How many shots are used for evaluation of HumanEval?

GAIR-NLP / factool

FacTool: Factuality Detection in Generative AI

https://ethanc111.github.io/factool_website/

Apache License 2.0

804 stars 62 forks source link

How many shots are used for evaluation of HumanEval? #39

Open zhimin-z opened 9 months ago

zhimin-z commented 9 months ago

Is that 0-shot and 3-shot CoT?

EthanC111 commented 8 months ago

Hi @zhimin-z . If you are referring to the Self-Check baselines, then yes. Please refer to https://github.com/GAIR-NLP/factool/blob/main/factool/utils/prompts/self_check.yaml

zhimin-z commented 8 months ago

Hi @zhimin-z . If you are referring to the Self-Check baselines, then yes. Please refer to https://github.com/GAIR-NLP/factool/blob/main/factool/utils/prompts/self_check.yaml

Thanks for your quick replies Are these evaluation results from 0-shot or 3-shot CoT?

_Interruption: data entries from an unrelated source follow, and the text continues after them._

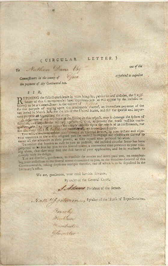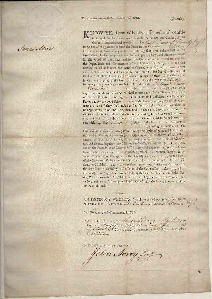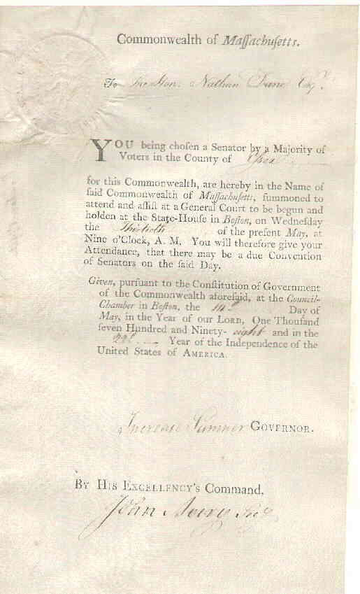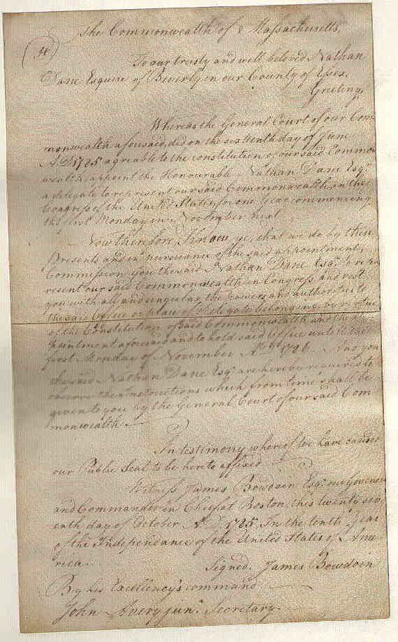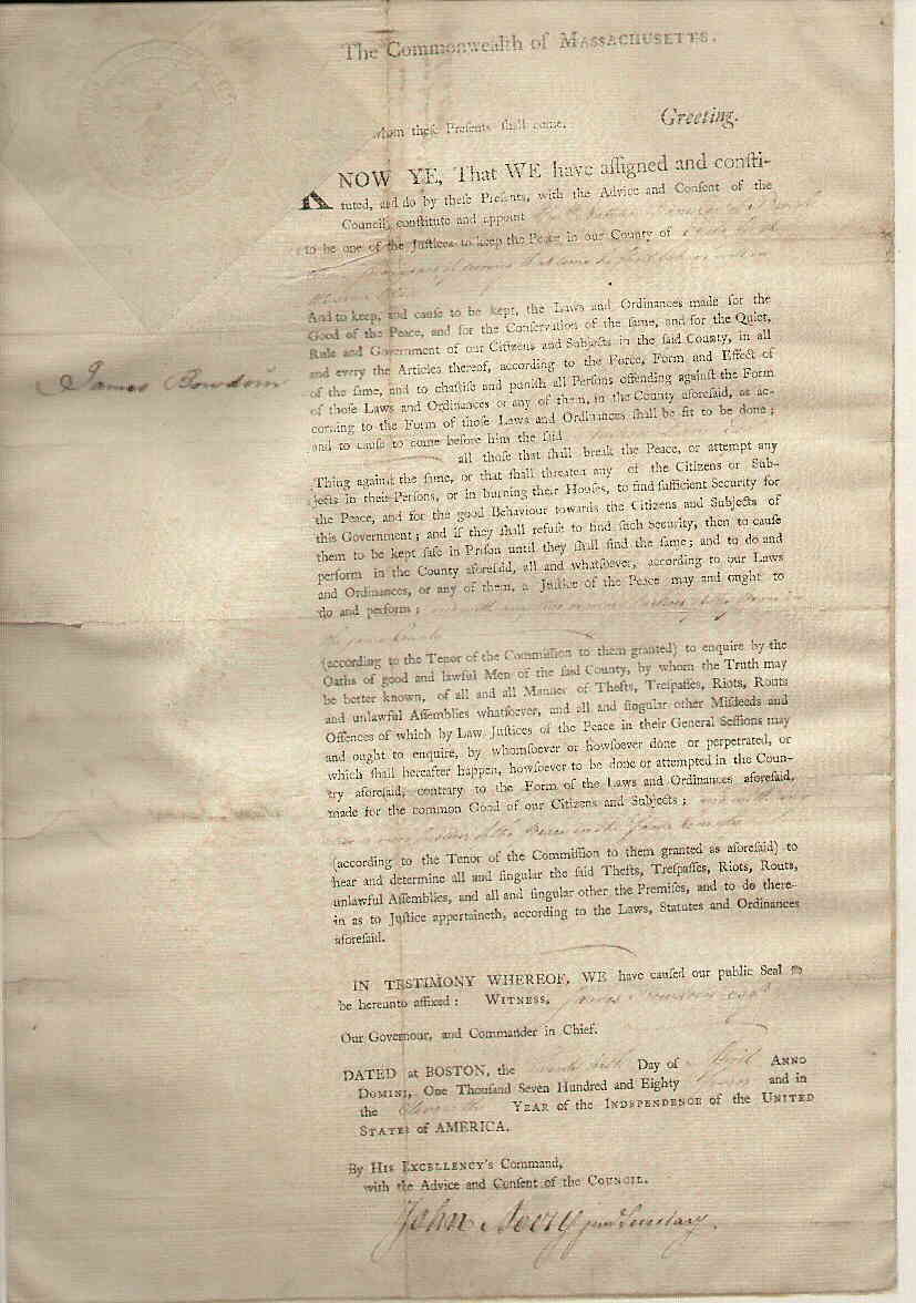 of Massachusetts, signed by James Bowdoin |
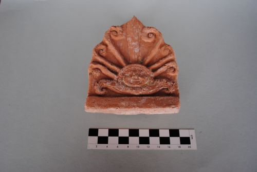 Antefissa di forma ogivale con base a listello, campita da una testa di gorgone larga e schiacciata, con capigliatura a lumachelle, entro palmetta a sette lobi terminanti in riccioli ricurvi all'interno. La testa poggia su un elemento vegetale a volute. Terracotta nocciola.
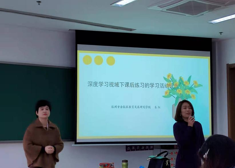 2022年4月1日杭州市余杭区教育发展研究学院朱红老师应邀来到桃花族论坛 为21级教育硕士小教班的同学们进行了以“深度学习视域下课后练习的学习活动设计”为主题的讲座。

EthanC111 commented 8 months ago

Hi @zhimin-z. These results were evaluated neither using 0-shot nor 3-shot. The results were evaluated using FacTool. If you are referring to how the individual modules in FacTool are implemented, please refer to our prompts at https://github.com/GAIR-NLP/factool/tree/main/factool/utils/prompts

For some modules in certain tasks we did provide some demonstrations (e.g. query generation for KB-QA), while others we use 0-shot prompting.